Stored items from a collection
*** Begin section ***

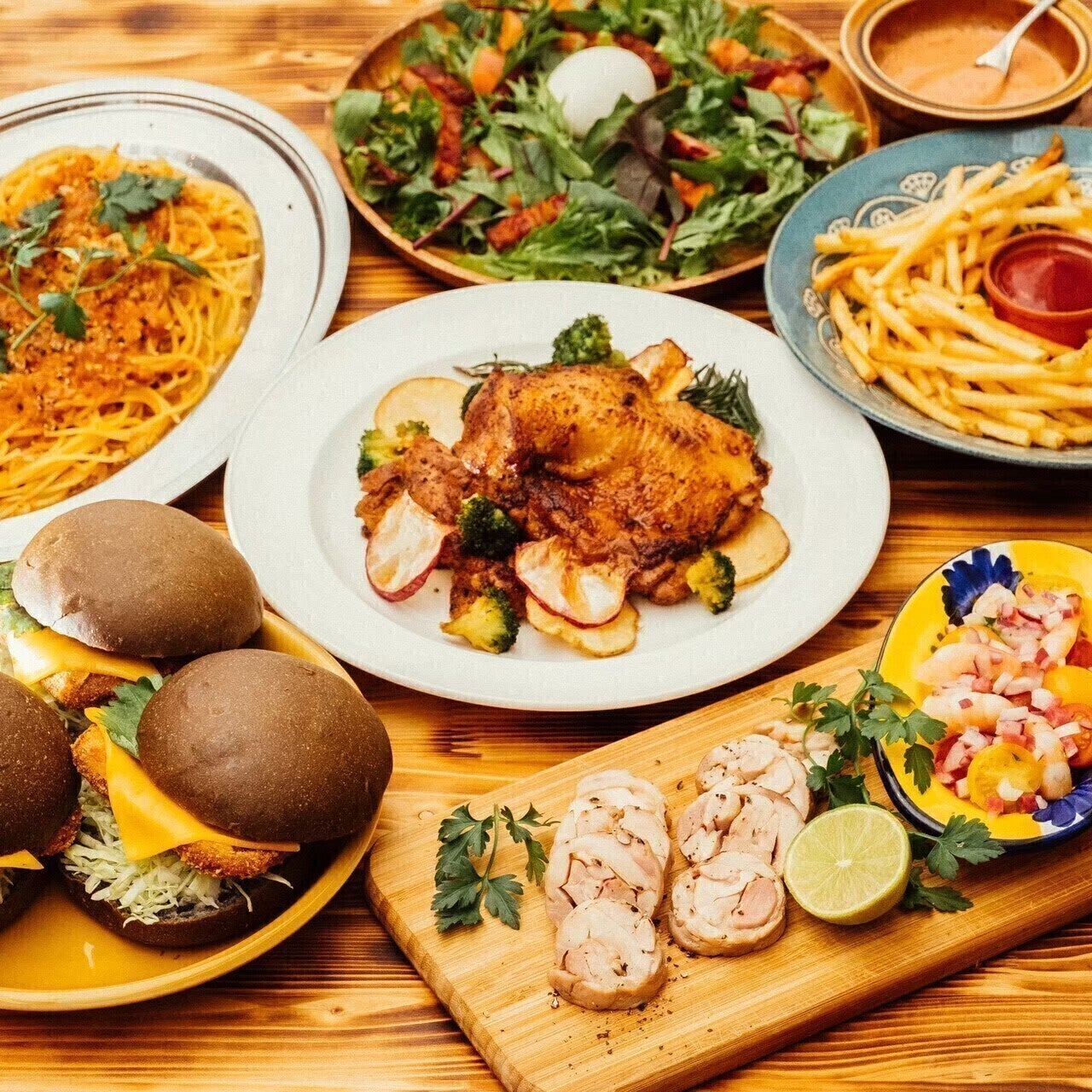 南国料理をメインにご飯ものからアラカルトを多数ご用意しており、お酒はカクテル、焼酎、日本酒、ワイン、シャンパン、ビール(国産サーバー・輸入物ビール〈缶・瓶〉)、自家製コーヒー焼酎など、またご要望に応じましてオリジナルカクテルをお作りもしております。
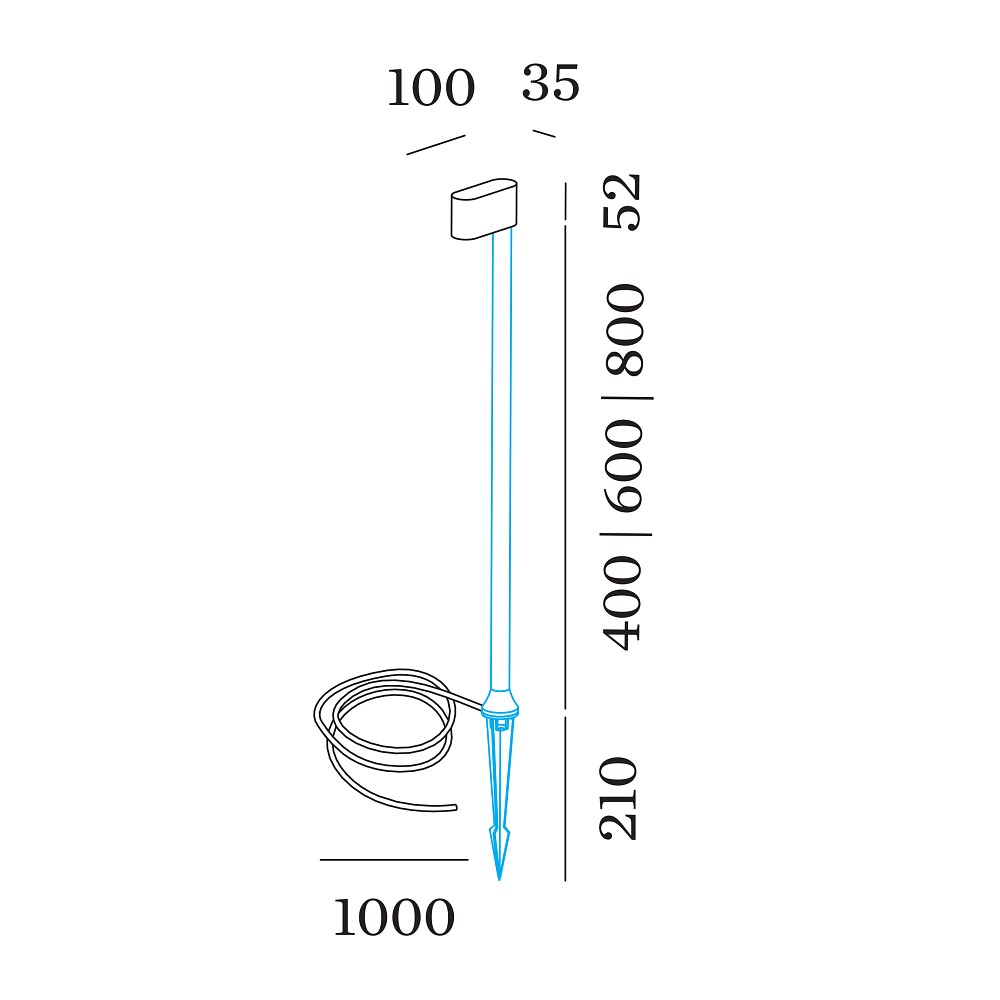 The LED outdoor light KIOSK 1.1 comes with a pre-installed connection cable that can be connected using the included waterproof cable connectors. Optionally, the use of an IP68 junction box is also possible. The height of the light can be individually adjusted with the optionally available tripod tubes. It operates directly on the 230V AC mains voltage.
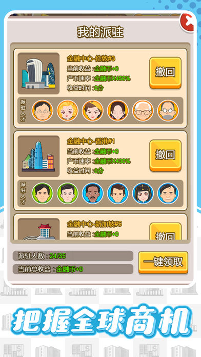 1.游戏采用高清精致的画面表现,场景细节丰富,人物造型生动,带来沉浸式的视觉体验;2.创新的点击经营玩法,通过简单操作即可完成各类商业决策,适合不同年龄段玩家;3.完善的商业模拟系统,包含供应链管理、人力资源、市场营销等真实商业元素;4.丰富的产业类型选择,涵盖零售、餐饮、房地产、金融等多个领域;5.动态的商业环境变化,市场行情会随游戏进程不断波动;6.深度的员工培养系统,可以培训提升员工能力,打造精英团队;7.多元化的社交互动玩法,可以与其他玩家进行商业合作或竞争。
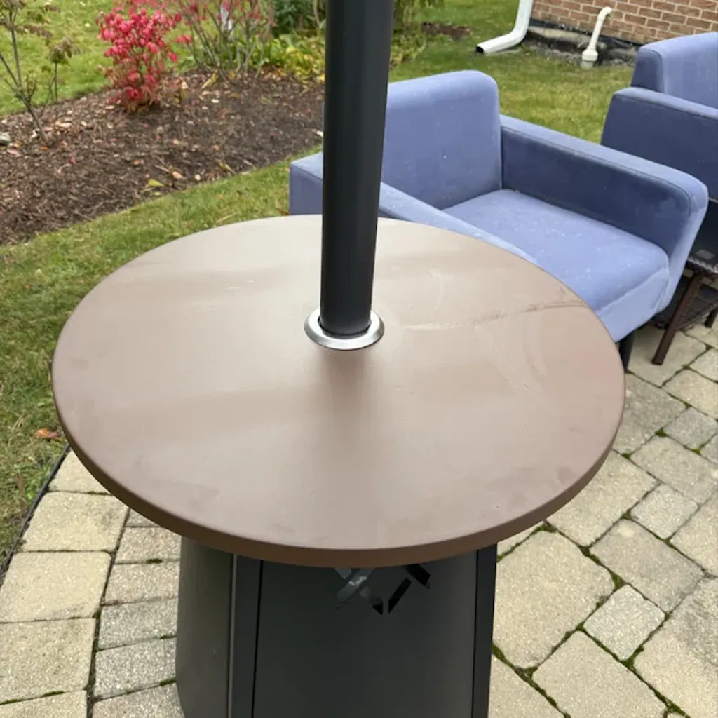 The large 27.6" diameter round storage tabletop is perfect for holding drinks, snacks, and more while you enjoy the warmth.
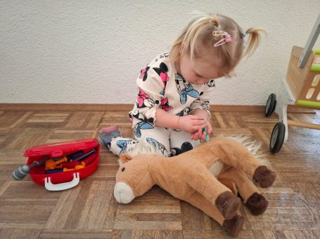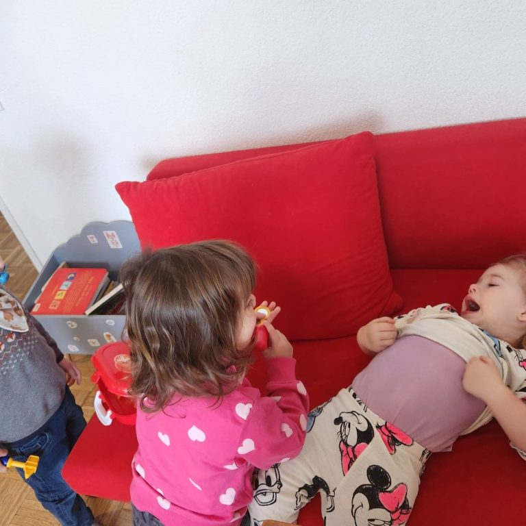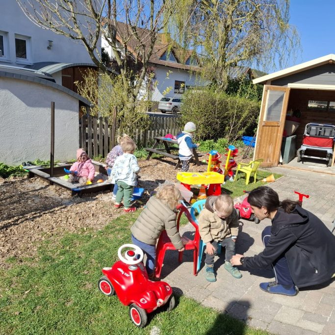 Das spielen untereinander ist ein wichtiger Bestandteil des Tages, die Kinder lernen so ,,Grenzen" der anderen kennen und erfreuen sich gemeinsam über neue Fortschritte. Sie brauchen aber auch immer mal wieder Zeit für sich und zum allein erkunden.
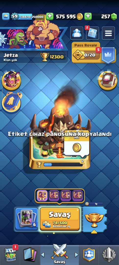 Otomatik teslimattır aktif olmasamda alabilirsiniz!Eposta:şifre formatında ve hesabı nasıl üzerinize alacağınızın hakkında bütün bilgiler satın alınca otomatik iletilecek!Hesaba detaylıca bakmak için:https://royaleapi.com/player/PYV9PV2LJHesaplar asla geri çekilmez!Hesap koruması aktif değildir!Yeni güncelleme sebebiyle sezon geçişlerinde CLASH ROYALE HESAPLARINDA kupa kayb...
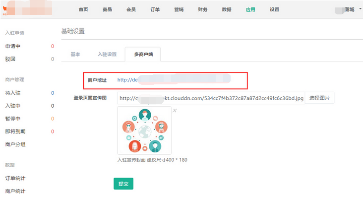 商城處理申請入駐的商家審核通過后,線下將多商戶端登錄后臺的鏈接及商家主賬號通知商家,點擊【多商戶端】將鏈接復制通知商家即可,參見下圖:
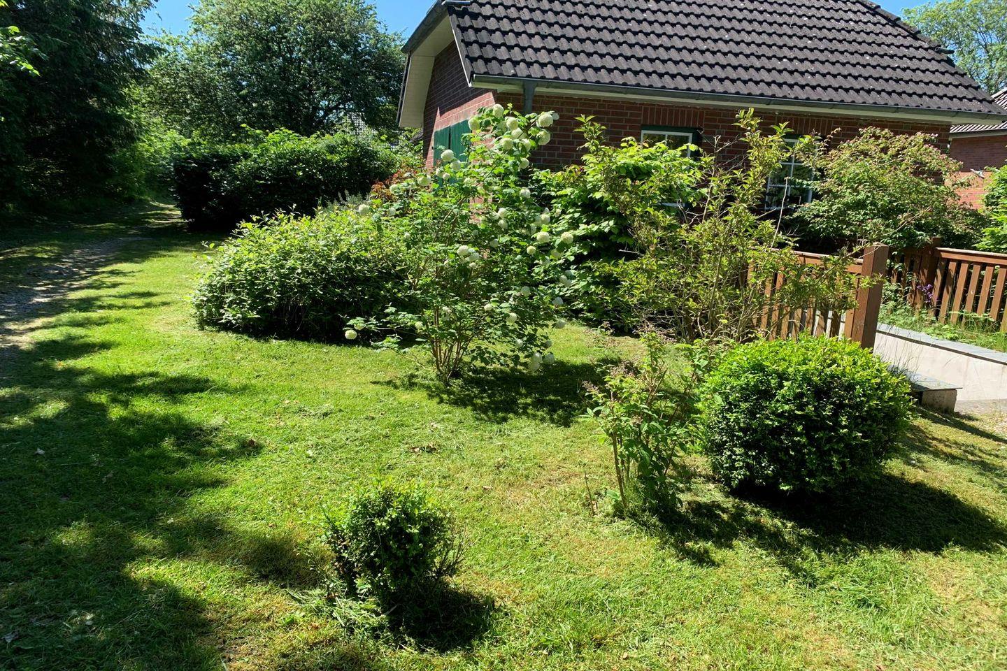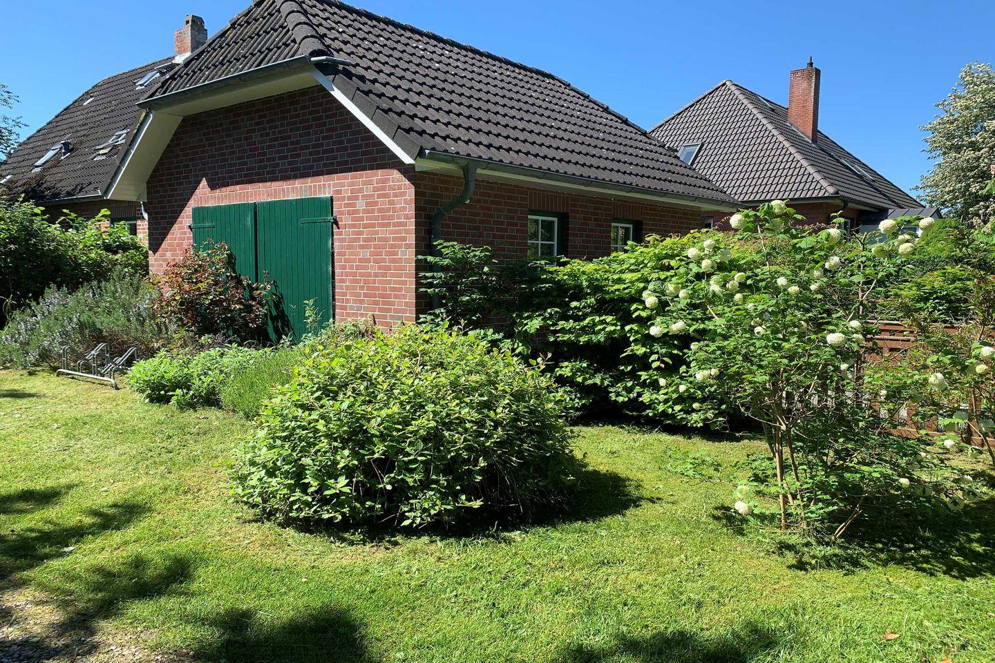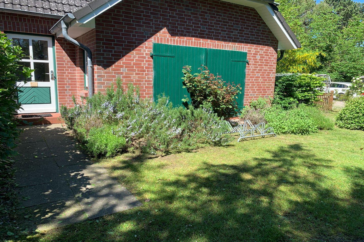 Garten mit Sonnen- und Schattenplätzen und Strandkörben auf 1.700 m² großem Grundstück, Bollerwagen für den Weg zum Strand. Unterstellplätze für Fahrräder und Stellplätze für Autos am Haus.
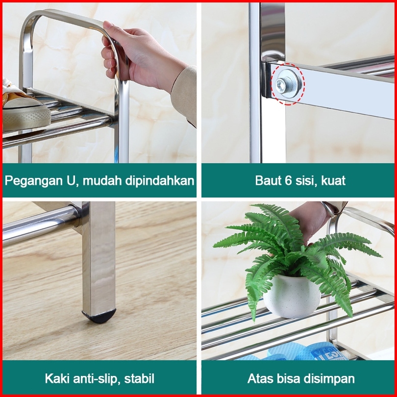 Neat Spacerak Sepatu Stainless Steel Multifungsi Rak Susun Rak Sandal Rak Serbaguna Rak Sepatu Rak Dapur 3 4 5 Susun
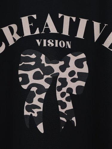 Yuvarlak Yaka Fiyonk Baskılı Leopar Etekli Takım -Siyah
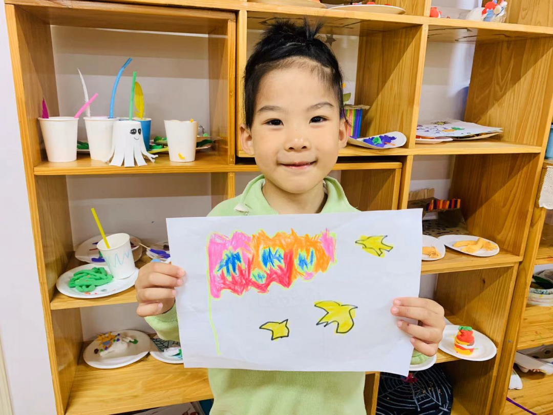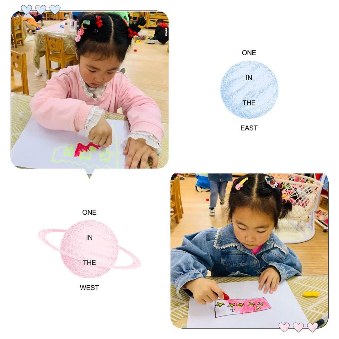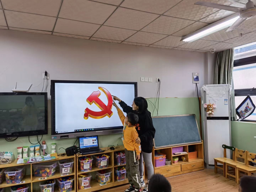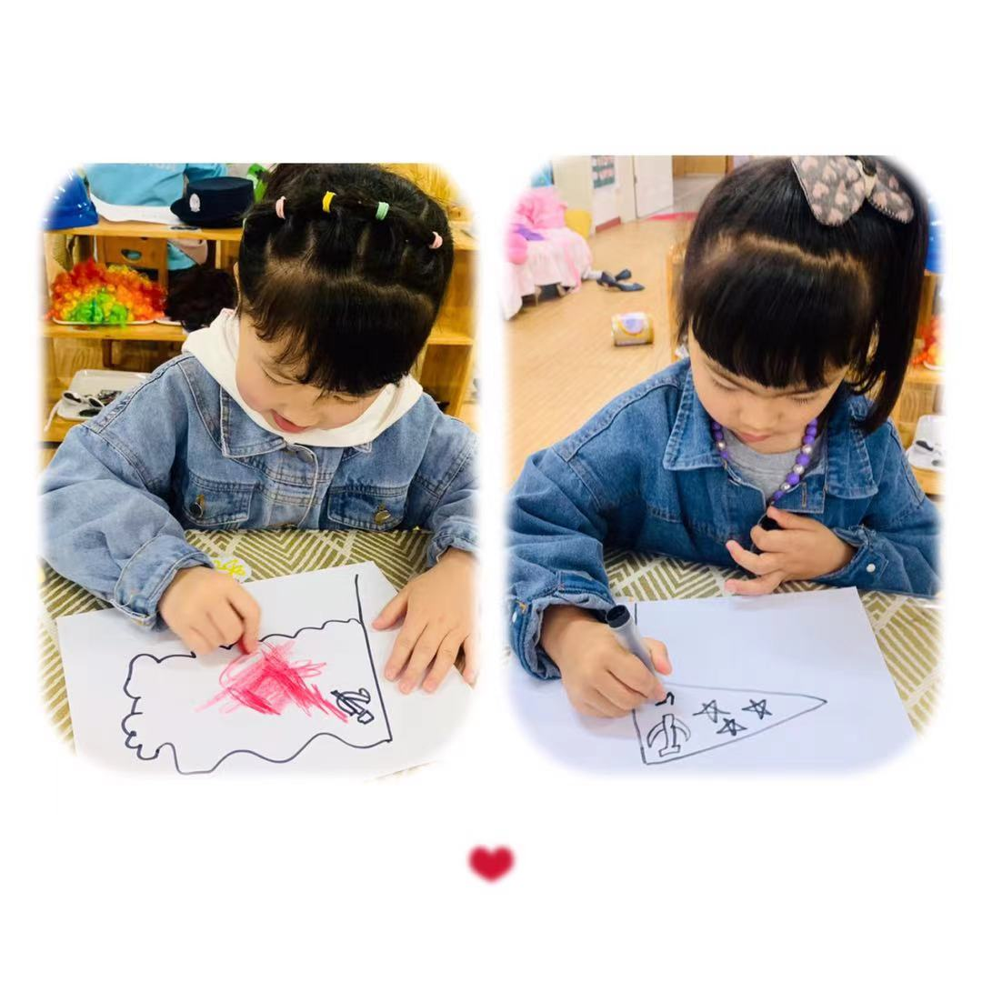 孩子们还通过手里的彩笔,画党旗,在一点一滴的过程中,他们认识党旗、了解党旗,知道党旗是中国共产党的象征和标志,最后和党旗合影,一张张笑脸燃起宝贝们对党最真挚的情感。

*** End section ***

● Task directions
The required output is the exact run of lines from the start of the records through the line containing "The LED outdoor", both ends included, with no pictures.

● Exercise result
 南国料理をメインにご飯ものからアラカルトを多数ご用意しており、お酒はカクテル、焼酎、日本酒、ワイン、シャンパン、ビール(国産サーバー・輸入物ビール〈缶・瓶〉)、自家製コーヒー焼酎など、またご要望に応じましてオリジナルカクテルをお作りもしております。
 The LED outdoor light KIOSK 1.1 comes with a pre-installed connection cable that can be connected using the included waterproof cable connectors. Optionally, the use of an IP68 junction box is also possible. The height of the light can be individually adjusted with the optionally available tripod tubes. It operates directly on the 230V AC mains voltage.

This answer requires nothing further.